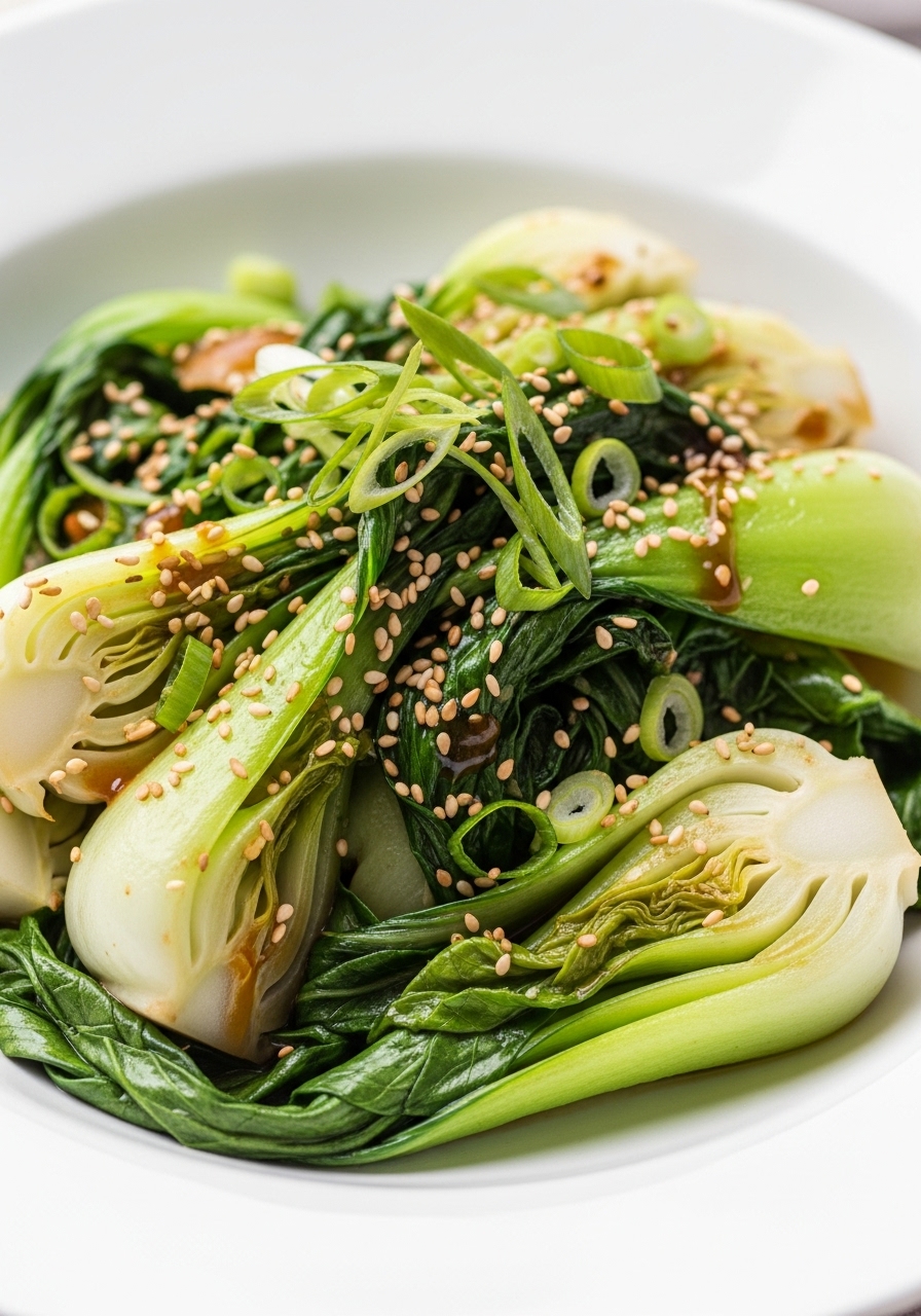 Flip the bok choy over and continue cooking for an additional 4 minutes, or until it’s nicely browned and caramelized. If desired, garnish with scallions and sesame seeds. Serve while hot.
________________________________________
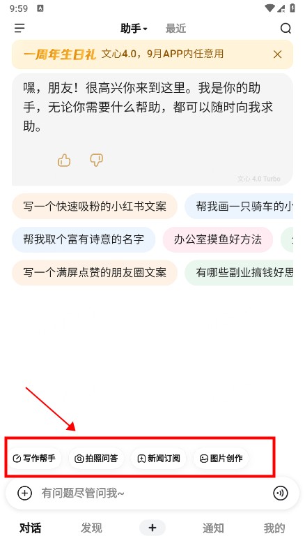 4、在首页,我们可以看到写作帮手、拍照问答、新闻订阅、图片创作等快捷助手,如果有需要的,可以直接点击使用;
________________________________________
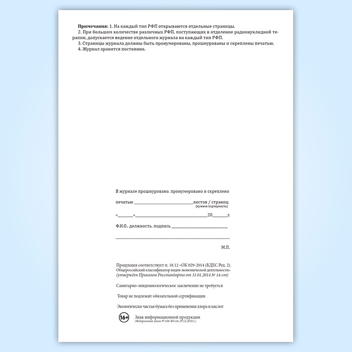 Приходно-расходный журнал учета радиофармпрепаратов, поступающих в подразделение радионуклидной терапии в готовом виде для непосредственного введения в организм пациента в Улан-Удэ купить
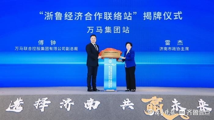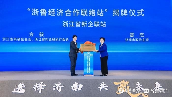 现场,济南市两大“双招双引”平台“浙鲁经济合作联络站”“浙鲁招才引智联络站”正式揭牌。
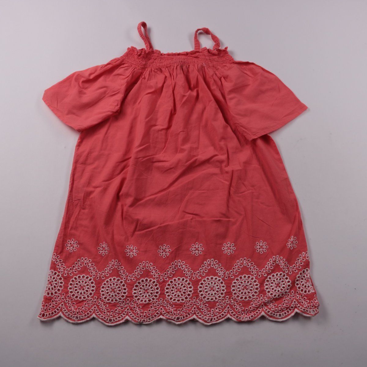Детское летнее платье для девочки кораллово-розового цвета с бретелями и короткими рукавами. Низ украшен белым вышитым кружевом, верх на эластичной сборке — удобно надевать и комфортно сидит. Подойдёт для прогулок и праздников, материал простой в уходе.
________________________________________
▸ **Assignment**
Transcribe, from the material above, the stretch starting at the line with "Приходно-расходный журнал учета" and ending at the line with "Детское летнее платье", both included, exactly. Do not carry over pictures.

▸ **Output below**
 Приходно-расходный журнал учета радиофармпрепаратов, поступающих в подразделение радионуклидной терапии в готовом виде для непосредственного введения в организм пациента в Улан-Удэ купить
 现场,济南市两大“双招双引”平台“浙鲁经济合作联络站”“浙鲁招才引智联络站”正式揭牌。
Детское летнее платье для девочки кораллово-розового цвета с бретелями и короткими рукавами. Низ украшен белым вышитым кружевом, верх на эластичной сборке — удобно надевать и комфортно сидит. Подойдёт для прогулок и праздников, материал простой в уходе.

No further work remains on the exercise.